By the induction hypothesis we can choose $a_1, ..., a_m$ such that $\left( 1 + \frac{2^m - 1}{c} \right) = \prod_{i=1}^{m} (1 + \frac{1}{a_i})$ .

Therefore, since $n$ was arbitrary, the claim is true for $k = m+1$ , for all $n$ . Our induction is complete and the claim is true for all positive integers $n$ , $k$ .

Alternative Solution

We will prove by constructing telescoping product of ratios of positive integers: $\frac{a_2}{a_1}\cdot\frac{a_3}{a_2}\cdot\frac{a_4}{a_3} \cdot \frac{a_{k+1}}{a_k} = \frac{a_{k+1}}{a_1} = \frac{\left(a_1+2^{k}-1\right)}{a_1}$ where $a_1=n$ and each fraction $\frac{a_{i+1}}{a_i}=\frac{a_{i}+\Delta_i}{a_i}$ can also be written as $\frac{m_i+1}{m_i}$ for some positive integer $m_i$ . All $\Delta_i$ will be different with $\Delta_i=2^j$ for some $0\le j \le k-1$ . As reqiured by telescoping (but not nessesarily in that order) $\sum_{i=1}^{k}{\Delta_i}=2^0+2^1+...+2^{k-1}=2^{k}-1$ .

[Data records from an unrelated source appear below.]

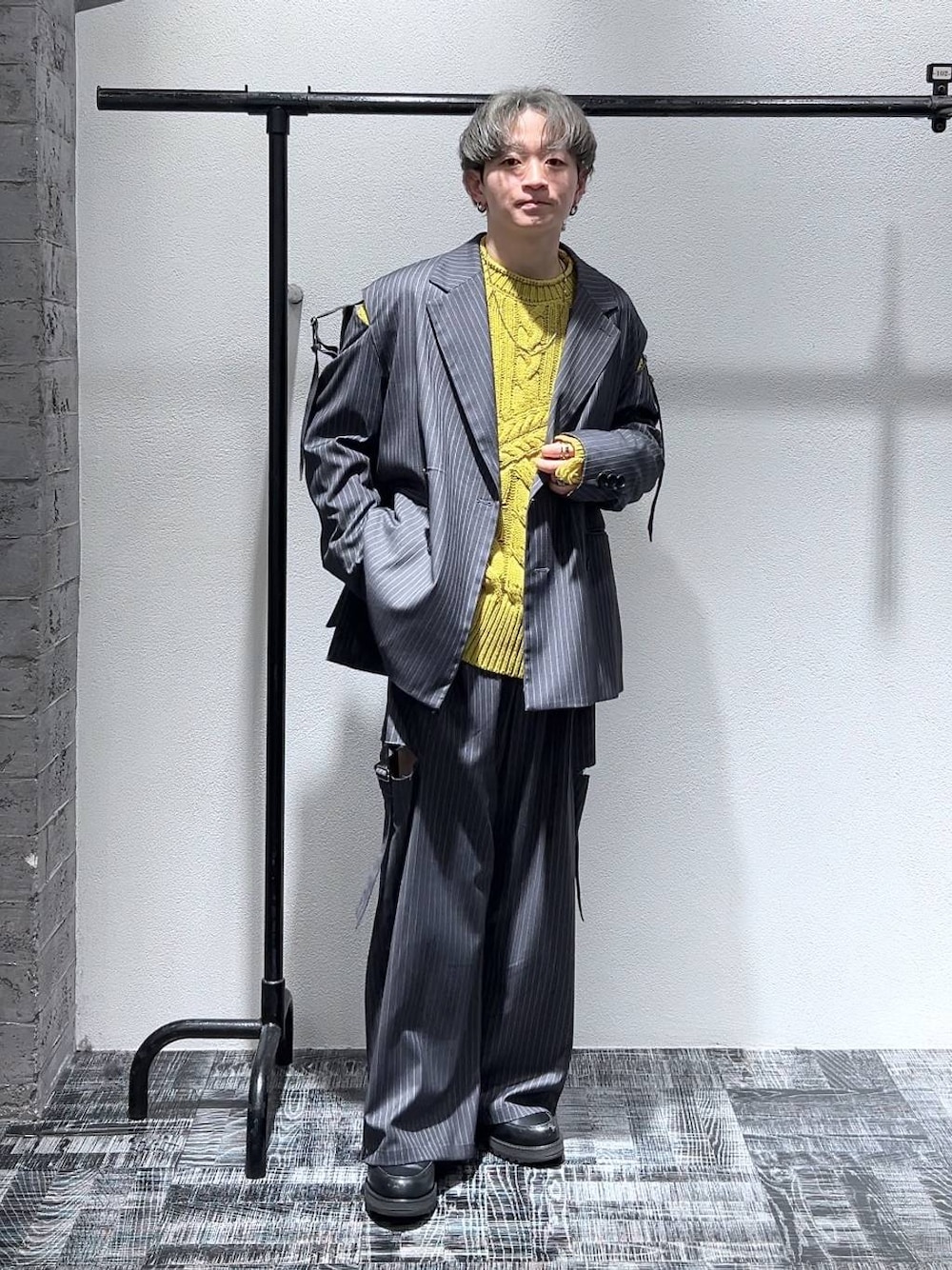 全角度の写真と動画も見れます! 顔ありと、顔なしも載せているのでスワイプして見てください🙌 【 staffboard & Instagram 毎日更新中!!】Instagram(@mrti_0130)で プライベートやリール動画も配信してます! そちらもフォローお待ちしてます! ◇セットアップ カットアウトデザインが特徴的なジャケット! 他にないデザインがモードでスタイリッシュ! 周りと被りたくない自分からすると、こういう他にないデザインはとてもありがたい! ジャケットは裏地がついていますが軽い着心地! 春先はもちろん、中を半袖のTシャツなどで合わせても◎! オーバーサイズなので袖を通してやすく、軽く羽織りやすいのも良い! パンツはデニムやカーゴパンツなどカジュアルなものと合わせてもカッコ良いのでオススメ!! パンツはワイドストレートのシルエット! 太過ぎないので合わせやすく、コーデに取り入れやすい! チラッと肌が少し見える感じもカッコ良い! 生地の厚みも程よく、シーズンを通して着やすいですよ! 薄いストライプが入っているので、無地のシンプルなトップスと合わせてもこれを羽織るだけでオシャレ見えします!
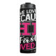 This powerful design features "WE LOVE BECAUSE HE First LOVED US 1 John 4:19." "WE LOVE BECAUSE" is in bold white, while "HE" is highlighted in vibrant pink. "First LOVED US" flows in white script with small hearts and a cross, beautifully conveying the scripture's message of divine love as the source of our own.
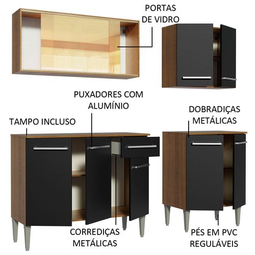 Cozinha Completa Madesa Emilly Drive com Balcão e Armário Aéreo Reflex Rustic/Preto Cor:Rustic/Preto
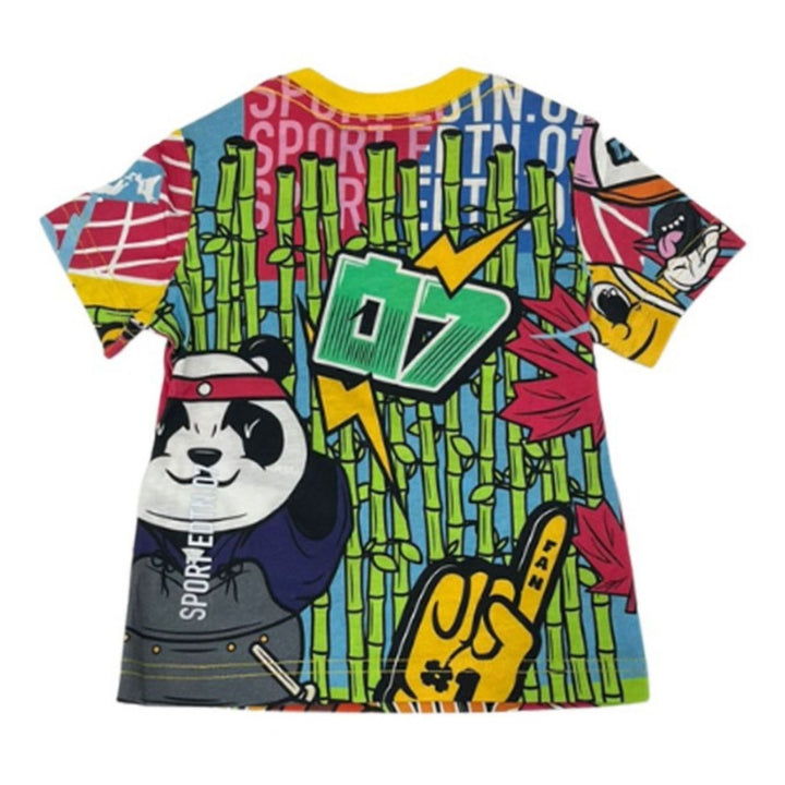 Blue t-shirt, in cotton, with short sleeves, ribbed crewneck, closure with automatic buttons on the chest. It is embellished with all-over Shibuya print and logo.

Fractions with $\Delta_i$ of this form can be constructed in the following way. We will start buiding telescoping product by trying to construct the highest remaining required $\Delta_j$ which is $2^{k-1}$ at the beginning. If $n$ is odd use fraction $\frac{n+1}{n}$ , else you can use $\frac{\frac{n}{2}+1}{\frac{n}{2}}=\frac{n+2}{n}$ which constructs $\Delta=2$ . If ${\frac{n}{2}}$ is even we instead can use $\frac{\frac{n}{4}+1}{\frac{n}{4}}=\frac{n+2^2}{n}$ which constructs $\Delta=2^2$ etc. If finally ${\frac{n}{2^j}}$ is odd and $j<k-1$ then we use fraction $\frac{\frac{n}{2^j}+1}{\frac{n}{2^j}}=\frac{n+2^j}{n}$ that has $\Delta=2^j$ . In that case the next fraction from our telescoping series has denominator $\frac{n}{2^j}+1$ which is even so we can take $\frac{\frac{\frac{n}{2^j}+1}{2}+1}{\frac{\frac{n}{2^j}+1}{2}}=\frac{n+3\cdot 2^j}{n+2^j}$ which has $\Delta=2^{j+1}$ . That is we can use at most one step ( one fraction from the telescoping product) to increase $\Delta$ by factor of $2$ from the $\Delta$ in the previous fraction. In the worst case we will reach the highest $\Delta=2^{k-1}$ using $k$ steps ( $k$ fractions in the telescoping product). All other needed $\Delta_i=2^{i-1}$ would be already constructed by that time. In the best case $n= 2^q$ where $q \ge k-1$ and we can construct the highest needed $\Delta$ using the very 1st fraction.